Есть ли у него ревность к преуспевающим поэтам? Скорее да, чем нет. Но эта ревность не из тех, которая может довести до неприязни. Например, в двенадцатом году он не знал ни Осипа Мандельштама, ни Бориса Пастернака. А когда они возникли перед ним со своими шедеврами, растерялся.
Как так могло случиться, что их поэзия прошла мимо его внимания? Причем минуя даже две революции – игрушечную, которой явился бездарный февраль, и Октябрьскую, которая дала стране почувствовать истинный разгул перезревшей от ожидания стихии.

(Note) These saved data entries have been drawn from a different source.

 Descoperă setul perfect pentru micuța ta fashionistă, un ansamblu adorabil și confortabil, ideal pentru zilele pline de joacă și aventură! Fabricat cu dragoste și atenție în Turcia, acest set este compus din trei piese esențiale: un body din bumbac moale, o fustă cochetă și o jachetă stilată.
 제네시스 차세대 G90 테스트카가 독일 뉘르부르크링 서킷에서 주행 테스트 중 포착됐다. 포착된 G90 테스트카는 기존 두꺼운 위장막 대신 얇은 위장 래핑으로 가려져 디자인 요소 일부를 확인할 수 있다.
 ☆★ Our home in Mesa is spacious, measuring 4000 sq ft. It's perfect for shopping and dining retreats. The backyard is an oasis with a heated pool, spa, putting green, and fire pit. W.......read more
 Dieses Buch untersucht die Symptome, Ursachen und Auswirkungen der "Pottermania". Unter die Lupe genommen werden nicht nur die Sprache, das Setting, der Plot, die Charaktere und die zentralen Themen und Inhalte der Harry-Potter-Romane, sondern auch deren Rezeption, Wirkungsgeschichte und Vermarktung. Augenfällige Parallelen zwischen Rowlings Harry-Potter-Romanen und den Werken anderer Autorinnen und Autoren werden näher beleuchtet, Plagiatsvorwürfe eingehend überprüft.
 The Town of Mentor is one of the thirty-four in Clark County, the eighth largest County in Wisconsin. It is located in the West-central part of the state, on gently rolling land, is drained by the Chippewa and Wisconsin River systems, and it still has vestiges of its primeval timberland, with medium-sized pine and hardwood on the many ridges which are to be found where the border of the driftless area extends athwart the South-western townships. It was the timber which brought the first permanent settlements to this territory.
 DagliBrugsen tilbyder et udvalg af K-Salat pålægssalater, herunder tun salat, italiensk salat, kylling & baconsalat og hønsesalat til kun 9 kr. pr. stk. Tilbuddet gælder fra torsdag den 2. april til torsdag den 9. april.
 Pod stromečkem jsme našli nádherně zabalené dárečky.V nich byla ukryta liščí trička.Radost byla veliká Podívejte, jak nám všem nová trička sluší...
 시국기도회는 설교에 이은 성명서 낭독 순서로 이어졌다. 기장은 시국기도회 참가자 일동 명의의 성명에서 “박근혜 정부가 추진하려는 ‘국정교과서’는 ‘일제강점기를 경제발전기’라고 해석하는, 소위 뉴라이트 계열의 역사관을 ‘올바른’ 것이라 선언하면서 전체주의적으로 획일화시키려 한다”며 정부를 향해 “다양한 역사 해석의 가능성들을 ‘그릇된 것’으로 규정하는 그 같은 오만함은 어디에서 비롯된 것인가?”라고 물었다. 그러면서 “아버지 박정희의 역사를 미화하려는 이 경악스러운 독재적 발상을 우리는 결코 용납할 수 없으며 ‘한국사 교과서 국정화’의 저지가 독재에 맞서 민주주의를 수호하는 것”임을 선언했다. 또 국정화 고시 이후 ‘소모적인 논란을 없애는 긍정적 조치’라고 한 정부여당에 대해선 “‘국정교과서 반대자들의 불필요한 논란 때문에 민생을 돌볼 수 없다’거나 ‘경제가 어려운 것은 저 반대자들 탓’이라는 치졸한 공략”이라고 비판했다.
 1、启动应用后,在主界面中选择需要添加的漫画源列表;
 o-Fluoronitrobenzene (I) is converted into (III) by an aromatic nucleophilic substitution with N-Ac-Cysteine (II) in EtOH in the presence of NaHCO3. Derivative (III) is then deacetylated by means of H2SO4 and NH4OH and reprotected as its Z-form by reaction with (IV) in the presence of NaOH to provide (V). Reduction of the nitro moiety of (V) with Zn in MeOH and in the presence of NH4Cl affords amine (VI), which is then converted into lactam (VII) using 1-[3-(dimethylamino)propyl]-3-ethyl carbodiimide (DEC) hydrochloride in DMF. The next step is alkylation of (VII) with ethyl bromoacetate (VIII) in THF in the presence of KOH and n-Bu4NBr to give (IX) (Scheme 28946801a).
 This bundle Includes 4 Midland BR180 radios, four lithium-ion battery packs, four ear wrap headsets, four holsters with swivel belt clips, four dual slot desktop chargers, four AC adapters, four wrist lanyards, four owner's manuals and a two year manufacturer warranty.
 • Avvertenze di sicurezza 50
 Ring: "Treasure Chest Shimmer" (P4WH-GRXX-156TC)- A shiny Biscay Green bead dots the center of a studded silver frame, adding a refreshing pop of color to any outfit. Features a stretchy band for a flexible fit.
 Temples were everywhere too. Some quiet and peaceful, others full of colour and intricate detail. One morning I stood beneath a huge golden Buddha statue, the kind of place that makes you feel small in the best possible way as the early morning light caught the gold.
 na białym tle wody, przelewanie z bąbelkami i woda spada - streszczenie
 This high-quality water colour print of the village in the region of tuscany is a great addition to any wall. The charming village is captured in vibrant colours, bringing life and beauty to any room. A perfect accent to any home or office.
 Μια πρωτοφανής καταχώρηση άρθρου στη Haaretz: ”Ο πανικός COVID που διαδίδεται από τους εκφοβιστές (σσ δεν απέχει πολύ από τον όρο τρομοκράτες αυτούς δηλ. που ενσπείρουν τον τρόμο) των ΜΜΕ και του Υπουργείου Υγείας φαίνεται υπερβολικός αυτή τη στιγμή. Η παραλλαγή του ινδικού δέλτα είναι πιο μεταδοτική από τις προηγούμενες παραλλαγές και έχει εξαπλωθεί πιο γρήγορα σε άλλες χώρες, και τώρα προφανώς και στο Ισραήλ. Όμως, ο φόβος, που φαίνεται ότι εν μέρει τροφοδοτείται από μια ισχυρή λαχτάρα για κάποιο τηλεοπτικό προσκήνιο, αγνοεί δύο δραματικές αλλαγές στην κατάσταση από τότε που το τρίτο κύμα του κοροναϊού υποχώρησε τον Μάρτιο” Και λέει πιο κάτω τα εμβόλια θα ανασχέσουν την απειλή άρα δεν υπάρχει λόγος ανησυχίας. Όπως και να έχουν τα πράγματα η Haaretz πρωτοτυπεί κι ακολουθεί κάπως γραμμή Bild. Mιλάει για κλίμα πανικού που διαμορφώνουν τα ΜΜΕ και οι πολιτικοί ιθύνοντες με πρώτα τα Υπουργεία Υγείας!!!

С первым из перечисленных двоих Сталин заочно свел впечатления, с Борисом Пастернаком.
Февраль. Достать чернил и плакать!
Писать о феврале навзрыд,
Пока грохочущая слякоть
Весною черною горит.
Достать пролетку. За шесть гривен,
Чрез благовест, чрез клик колес
Перенестись туда, где ливень
Еще шумней чернил и слез.
Где, как обугленные груши,
С деревьев тысячи грачей
Сорвутся в лужи и обрушат
Сухую грусть на дно очей.
Под ней проталины чернеют,
И ветер криками изрыт!
И чем случайней, тем вернее
Слагаются стихи навзрыд.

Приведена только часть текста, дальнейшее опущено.